A Giampaolo Pansa, Calabresi, qualche settimana prima di essere ucciso, confida: “Da due anni vivo sotto questa tempesta. Lei non può immaginare che cosa ho passato e che cosa sto passando. Se non fossi cristiano, se non credessi in Dio non saprei come resistere…”.

Pansa chiede se ha paura: “Paura no perché ho la coscienza tranquilla. Ma quel che mi fanno è terribile. Potrei farmi trasferire da Milano, però non voglio andarmene. Comunque non ho paura. Ogni mattina esco di casa e vado al lavoro sulla mia Cinquecento, senza pistola e senza la protezione di una scorta. Perché dovrei proteggermi? Sono un commissario di polizia e il mio compito è di proteggere gli altri, i cittadini”

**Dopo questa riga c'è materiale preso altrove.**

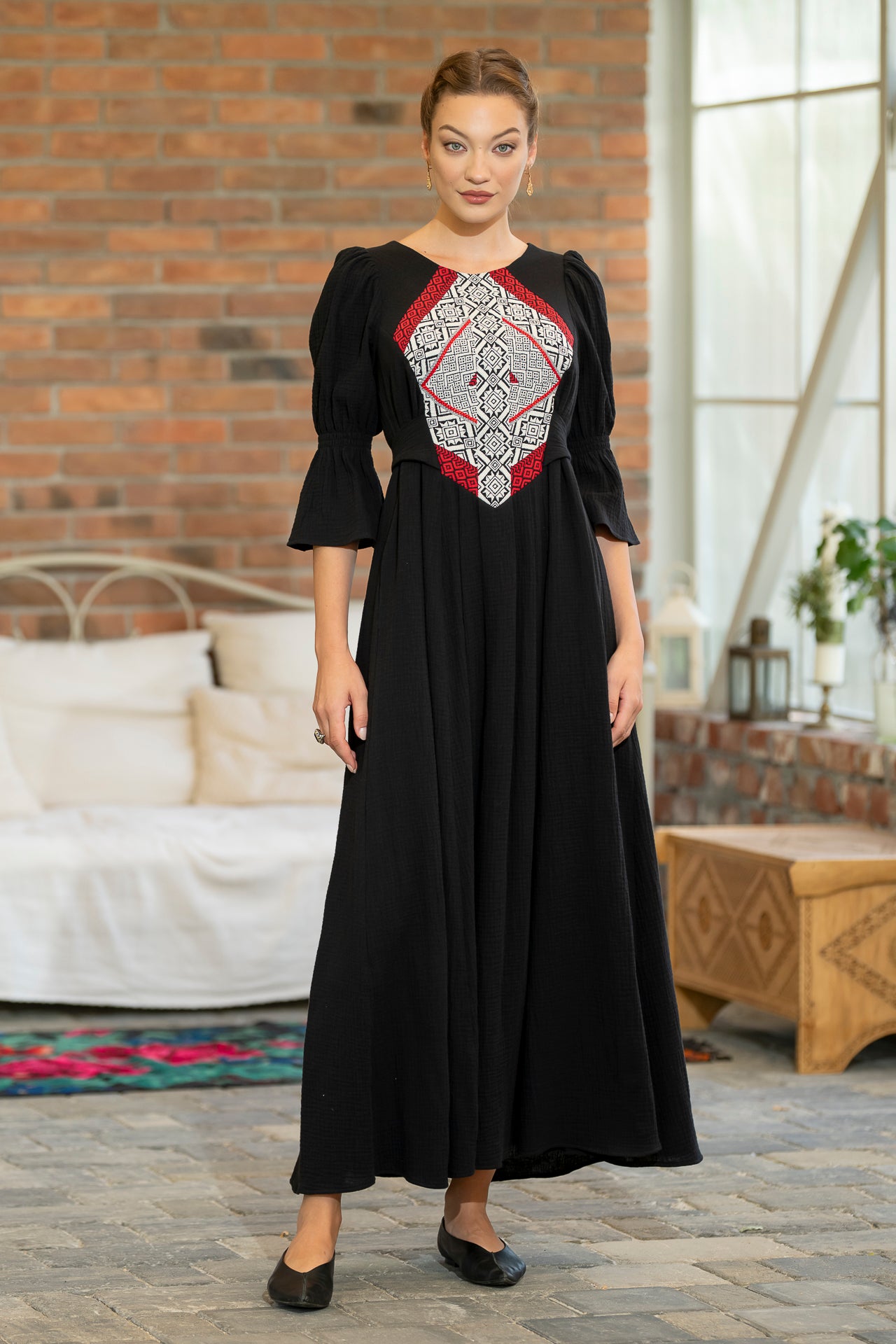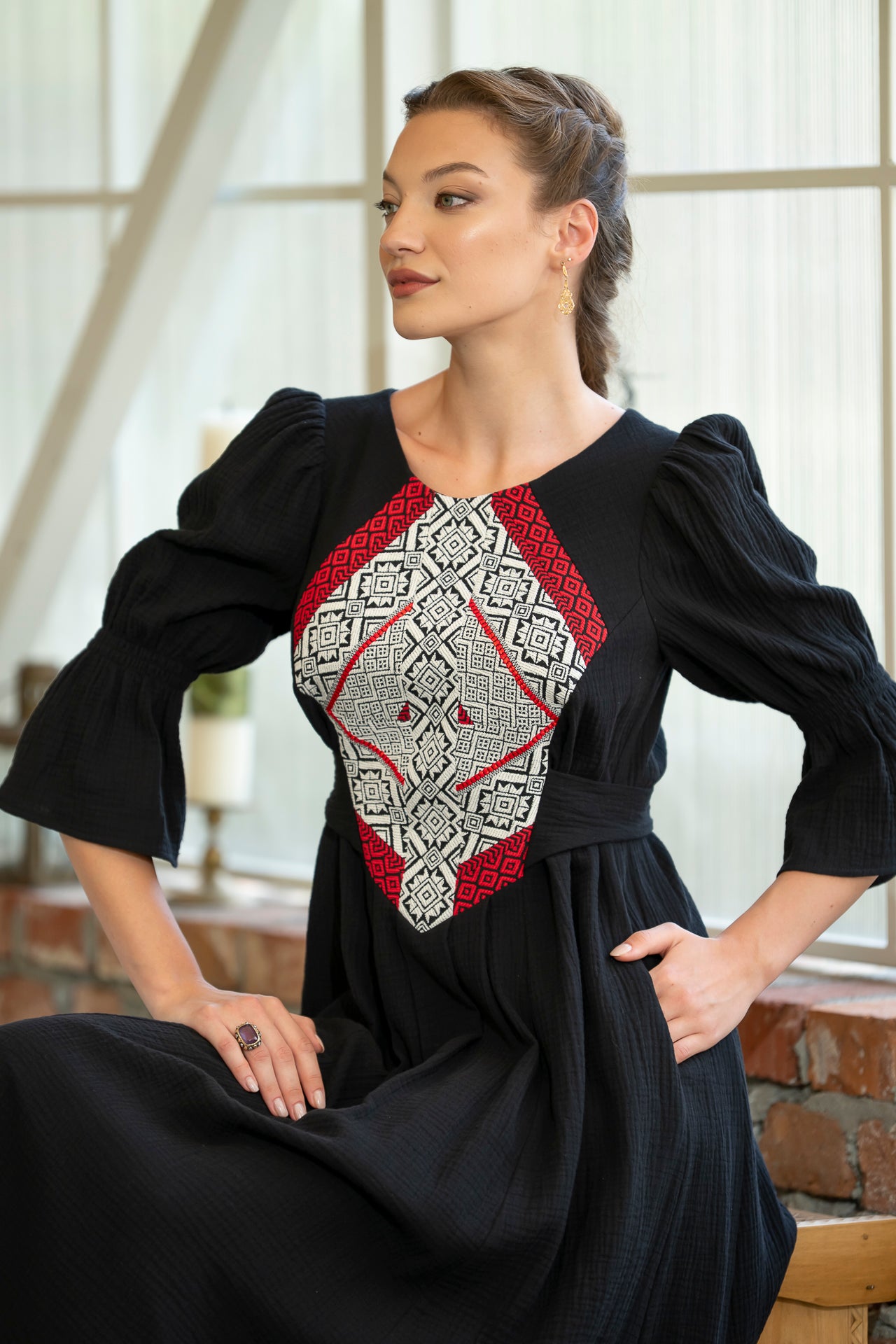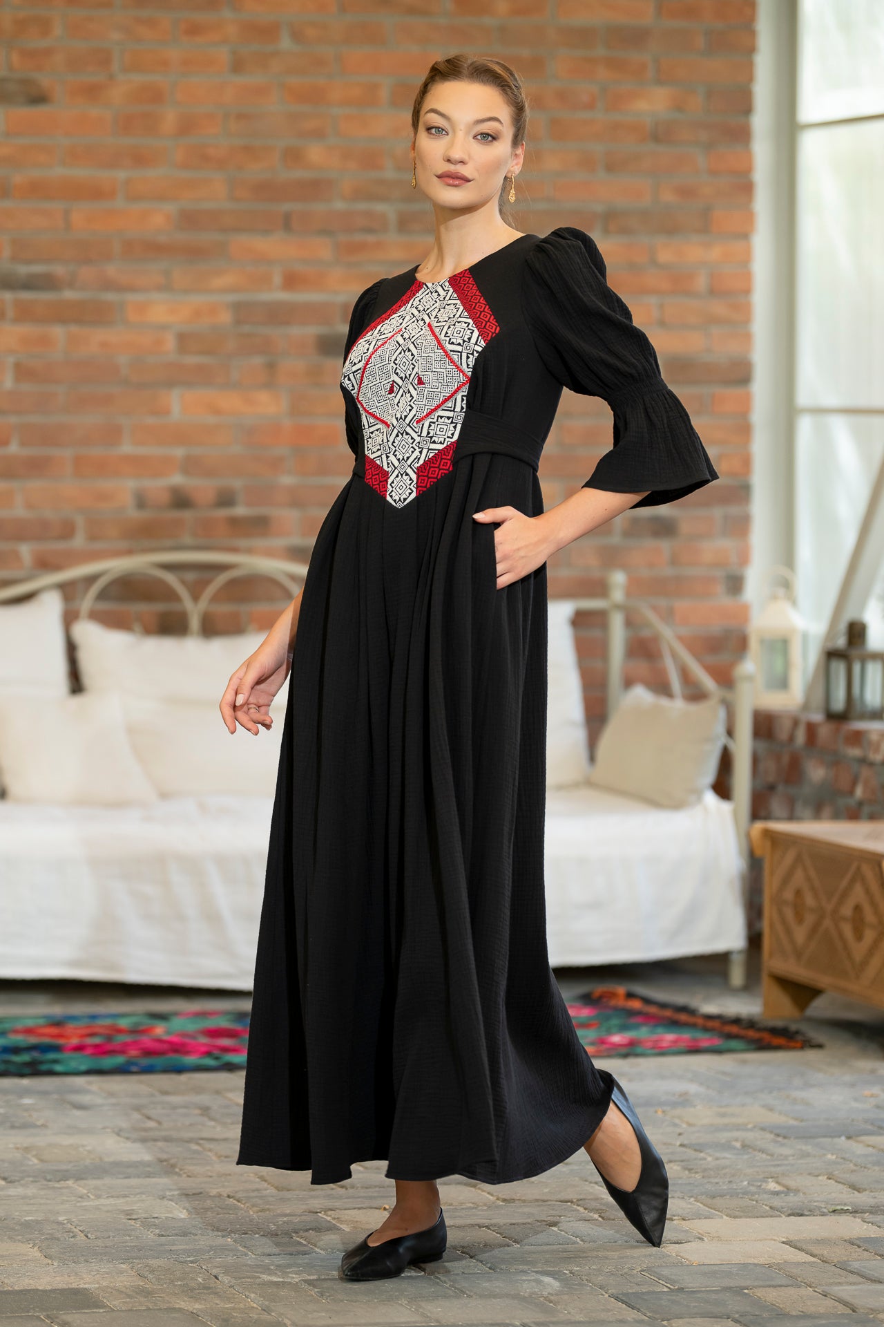 Rochia etno este confecționată din muselină neagră de bumbac, are căptușeală subțire, buzunare laterale, și este reglabilă cu cordon în talie.

Nel 1997, al termine di una quantità di processi che si contraddicono tra loro, sono condannati dirigenti e militanti di Lotta Continua: Ovidio Bompressi e Leonardo Marino gli esecutori, Giorgio Pietrostefani e Adriano Sofri i mandanti.
Per completare il “contesto”, un altro misterioso episodio: il 17 maggio del 1973 nel cortile della questura si scopre un busto dedicato al commissario. Un sedicente anarchico, Gianfranco Bertoli, scaglia una bomba: 4 morti e 52 feriti. Si scopre che Bertoli è invischiato con l’estrema destra, collaboratore di servizi segreti italiani e stranieri.

Una stagione di sangue, dolore, odio, che faticosamente si cerca di superare. Il 9 maggio del 2009, alla presenza del Capo dello Stato Giorgio Napolitano, in occasione della giornata del ricordo delle vittime del terrorismo, le vedove di Pinelli e Calabresi per la prima volta si incontrano. Finalmente, dicono, “possiamo guardarci negli occhi”. Finalmente due famiglie si ritrovano. Come vecchie amiche, le due donne parlano di figli e nipoti. Il passato non si cancella, c’è ancora tanto da sapere e capire; ma conforta questa volontà di superare la stagione dell’odio e del rancore.